### Task to carry out
Find the line with "Ace Ventura ve" in the entries below, then output every line from it down to the line with "11. Trench Coat and Plaid Scarf", exactly and with no pictures.

____ Dataset entries

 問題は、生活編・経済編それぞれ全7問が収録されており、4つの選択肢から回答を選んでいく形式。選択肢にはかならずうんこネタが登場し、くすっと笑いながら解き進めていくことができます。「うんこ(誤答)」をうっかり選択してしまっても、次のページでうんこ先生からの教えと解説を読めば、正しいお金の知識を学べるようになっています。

________
____ Dataset entries

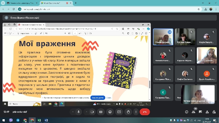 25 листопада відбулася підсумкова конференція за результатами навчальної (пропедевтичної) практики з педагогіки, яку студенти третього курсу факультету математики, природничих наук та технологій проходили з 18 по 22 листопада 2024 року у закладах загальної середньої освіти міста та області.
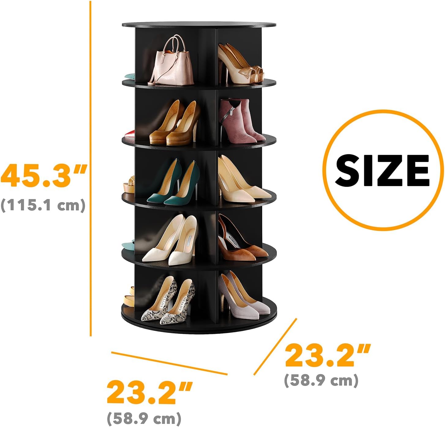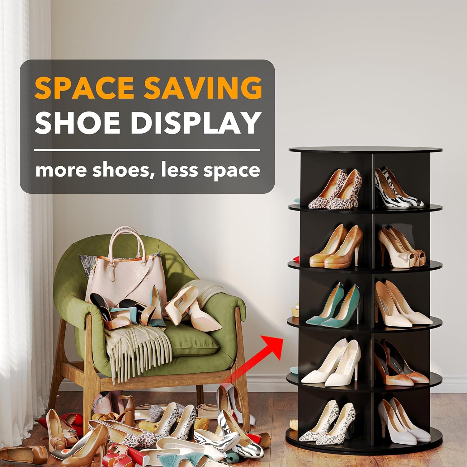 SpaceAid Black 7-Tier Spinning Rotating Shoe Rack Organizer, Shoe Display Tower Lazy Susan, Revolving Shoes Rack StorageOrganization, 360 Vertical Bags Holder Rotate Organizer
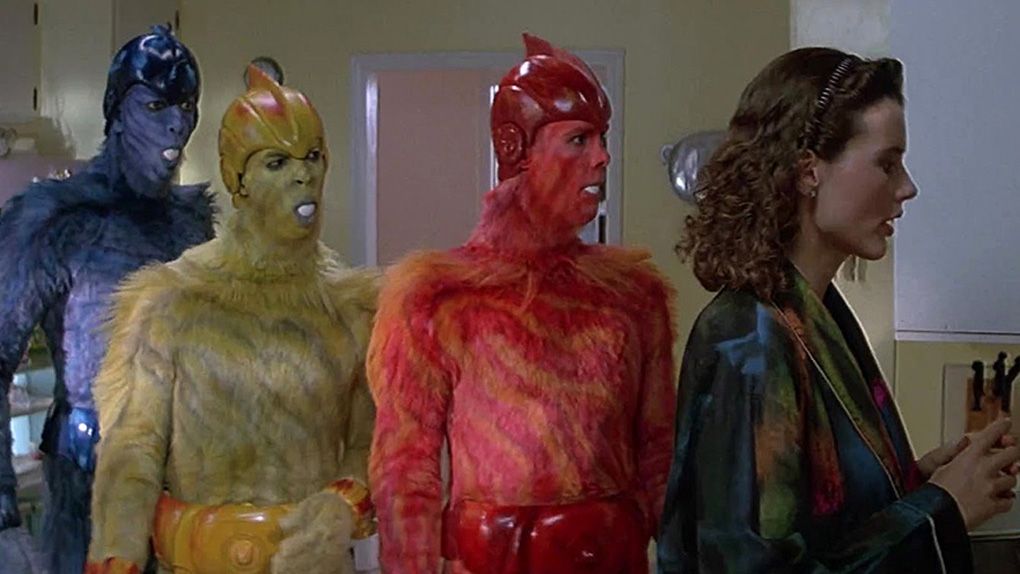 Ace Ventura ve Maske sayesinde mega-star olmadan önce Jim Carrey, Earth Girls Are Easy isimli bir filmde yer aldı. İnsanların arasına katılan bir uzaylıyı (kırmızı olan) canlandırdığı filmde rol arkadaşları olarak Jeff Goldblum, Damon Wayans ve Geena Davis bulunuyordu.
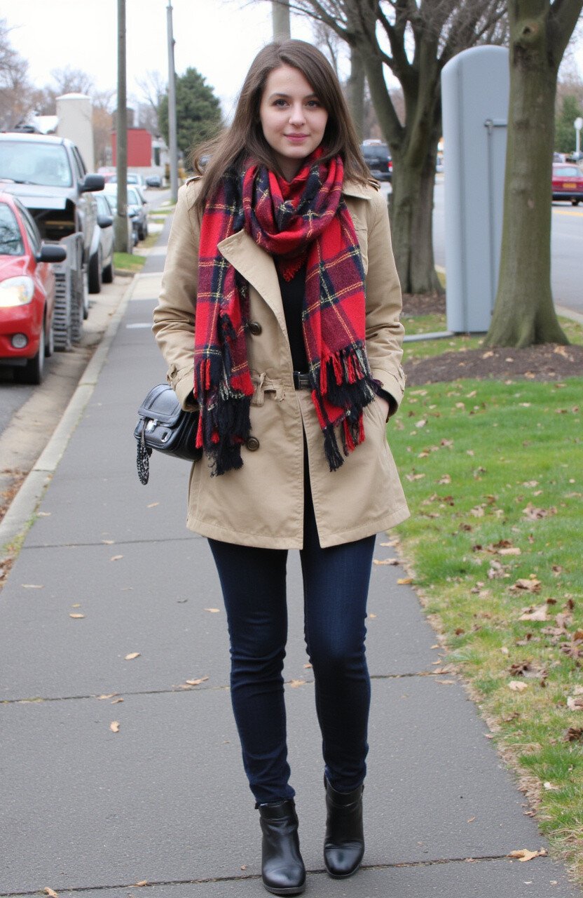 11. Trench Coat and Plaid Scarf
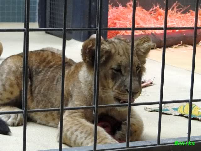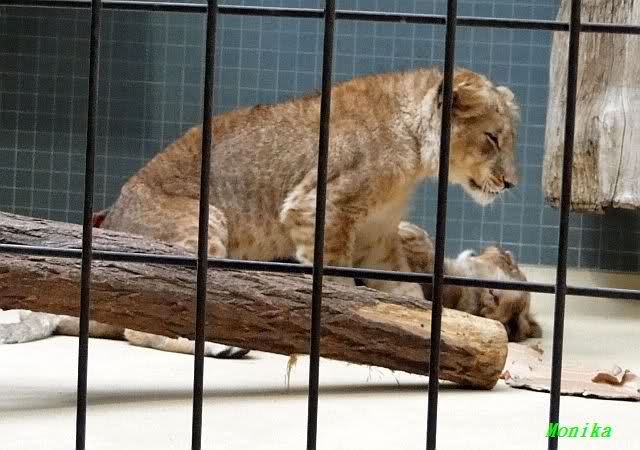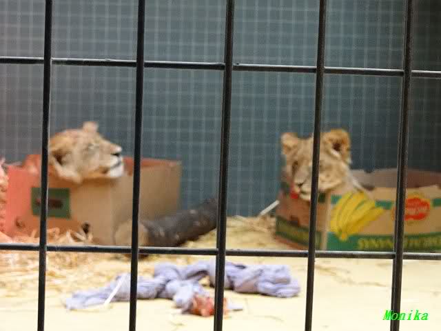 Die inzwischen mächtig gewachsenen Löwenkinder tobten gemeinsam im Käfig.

________

### Your solution
 Ace Ventura ve Maske sayesinde mega-star olmadan önce Jim Carrey, Earth Girls Are Easy isimli bir filmde yer aldı. İnsanların arasına katılan bir uzaylıyı (kırmızı olan) canlandırdığı filmde rol arkadaşları olarak Jeff Goldblum, Damon Wayans ve Geena Davis bulunuyordu.
 11. Trench Coat and Plaid Scarf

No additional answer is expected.